To be fair, some tuners don't hit the required marks because the software they use is a bit too cumbersome. If certain tables are too difficult to access, or aren't available, the tuner is left with no recourse other than attempting to apply a variety of band-aids because he can't fix a particular problem properly. This is a fairly common scenario when attempting to obtain decent idle quality after an aggressive camshaft has been installed.
Typically, desired idle speed has to be increased as does desired air flow (at idle). The question is, how much? Determining idle speed is easy enough- 800-900 rpm usually provides acceptable idle quality with cams designed for street-driven vehicles. But achieving a relatively smooth idle within that rpm range, and a smooth transition from idle to part throttle under load (as when accelerating) requires adjustments to a number of tables including desired air flow, spark timing, and throttle follower. Finding the optimum settings can be a bit tedious, requiring a lot of trial-and-error testing (with error being the operative term).
EFILive's scan program control panel is a useful tool for eliminating some of the trials and the resulting errors. The changes made through this panel are effective only while it's open, and the desired function is active, but the information can be used to subsequently alter settings through the tuning program. As an example, you can vary timing settings up and down while you monitor idle quality. Then you note the setting that produced the best idle quality and enter that in the appropriate position within the timing map.
Similarly, many of the calculated parameter identifiers or PIDs found in the scan program simplify identification of changes that are required to optimize performance. In the case of idle quality, you can access four PIDs that display the amount of air-flow correction being applied by the system to achieve the specified desired idle speed (correction with transmission in gear, air conditioning on, air conditioning off; transmission in park/neutral, air conditioning on, air conditioning off). By logging the appropriate PID you can see the amount of air flow increase or decrease being applied by the operating system. That provides a guide for determining the optimum setting-simply add or subtract the logged correction values to the current settings in the Desired Airflow Table, and the new values will reduce air flow corrections to a minimum, and the engine will idle as smoothly as the camshaft will allow (providing fuel and spark settings are on target).

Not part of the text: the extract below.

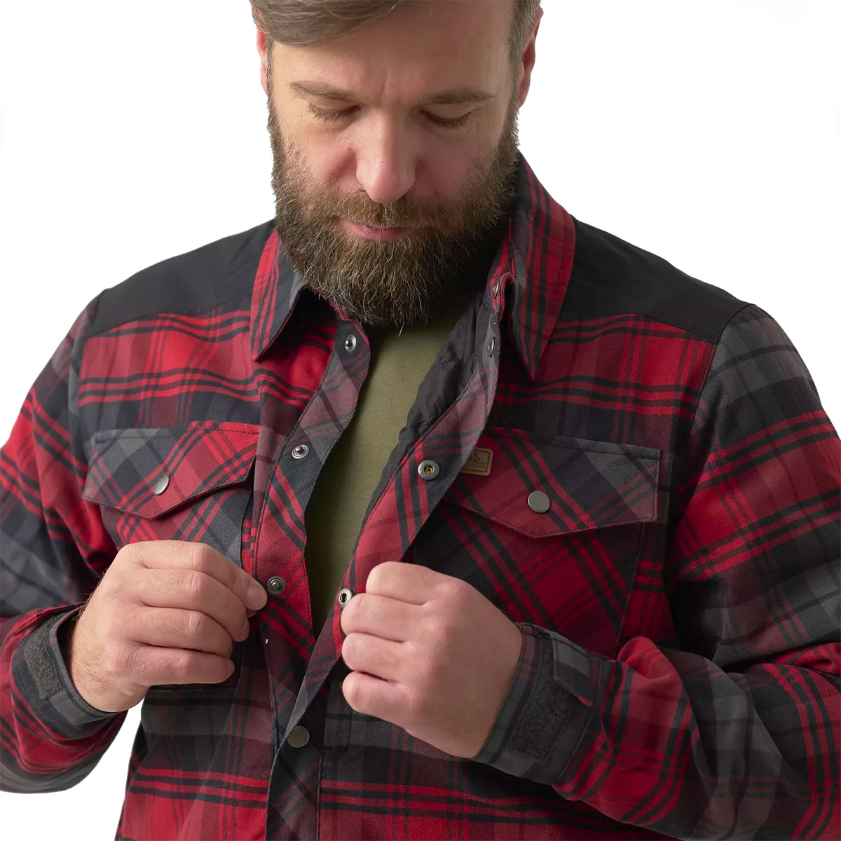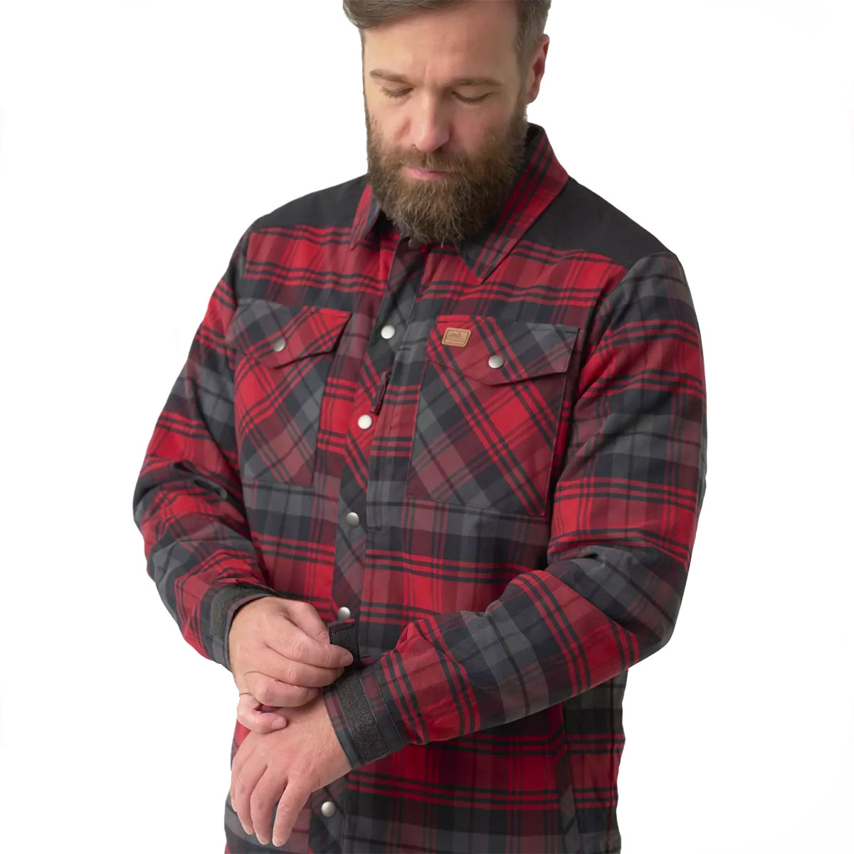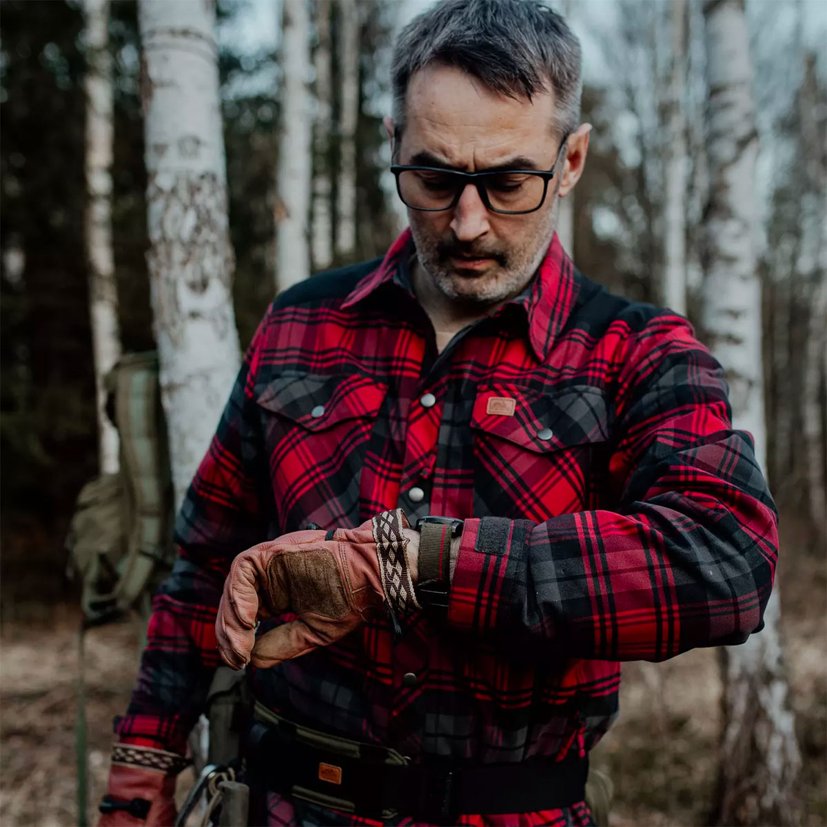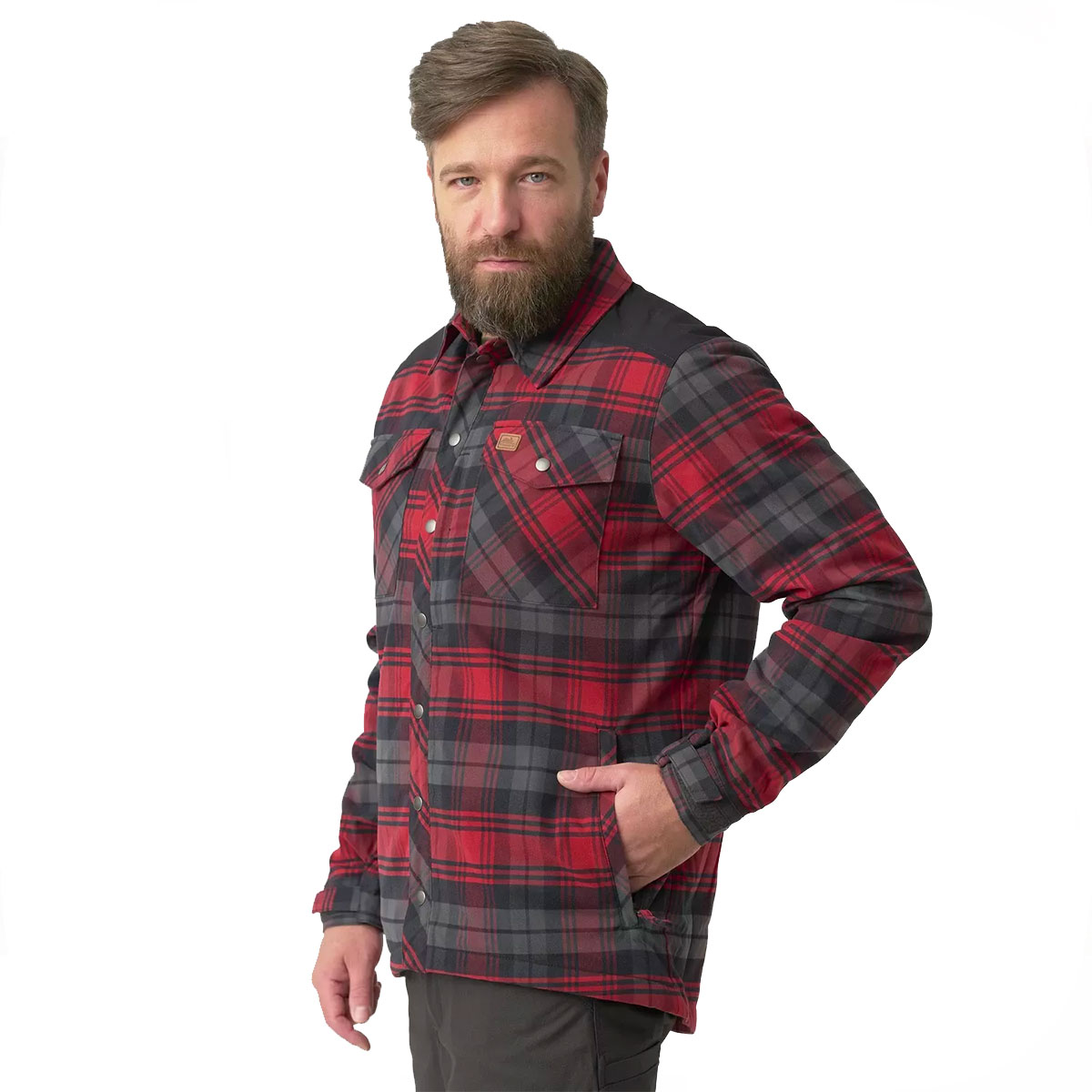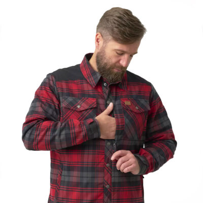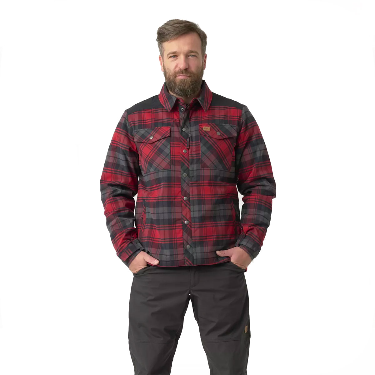 Una classica camicia a quadri con un tocco di originalità. Realizzata in materiali sintetici ad asciugatura rapida e con una leggera imbottitura da 60 g/m², è ideale per le situazioni in cui una giacca invernale è troppo pesante, ma una giacca a vento o un anorak non sono sufficienti. La camicia vanta un totale di sette tasche. All’interno, due ampie tasche per cappello e guanti. Esternamente, due tasche sul petto, due tasche per le mani e una tasca piatta per piccoli oggetti. Le spalle rinforzate proteggono la camicia da abrasioni e umidità. La chiusura a scatto è comoda e ne esalta il look senza tempo.

Another superb aspect of EFILive is the availability of custom operating systems. Although custom operating systems can be used with stock engines, they're designed to address the challenges of tuning engines equipped with radical camshafts, are turbocharged or supercharged, or are equipped with a nitrous-oxide system. Features include VE table scaling for two- or three-bar map sensors, the capability of eliminating the mass air flow sensor and operating in true speed density mode, a VE table that references throttle position instead of manifold pressure, and a "valet mode" to limit engine speed when drivers of questionable judgment are behind the wheel.
In spite of some people's opinions to the contrary, you can't tune a C5 or C6 effectively if your departure from the turnip truck has been fairly recent. However, if you understand the basics of internal combustion and spend a few evenings learning how to operate FlashScan (reference information and a number of tutorials are included with the package), you'll be able to start tuning in short order. But before you make any changes, download and store the original calibration from the PCM or ECM. That way if your trials are filled with errors, you can easily revert to the original calibration and try a different approach.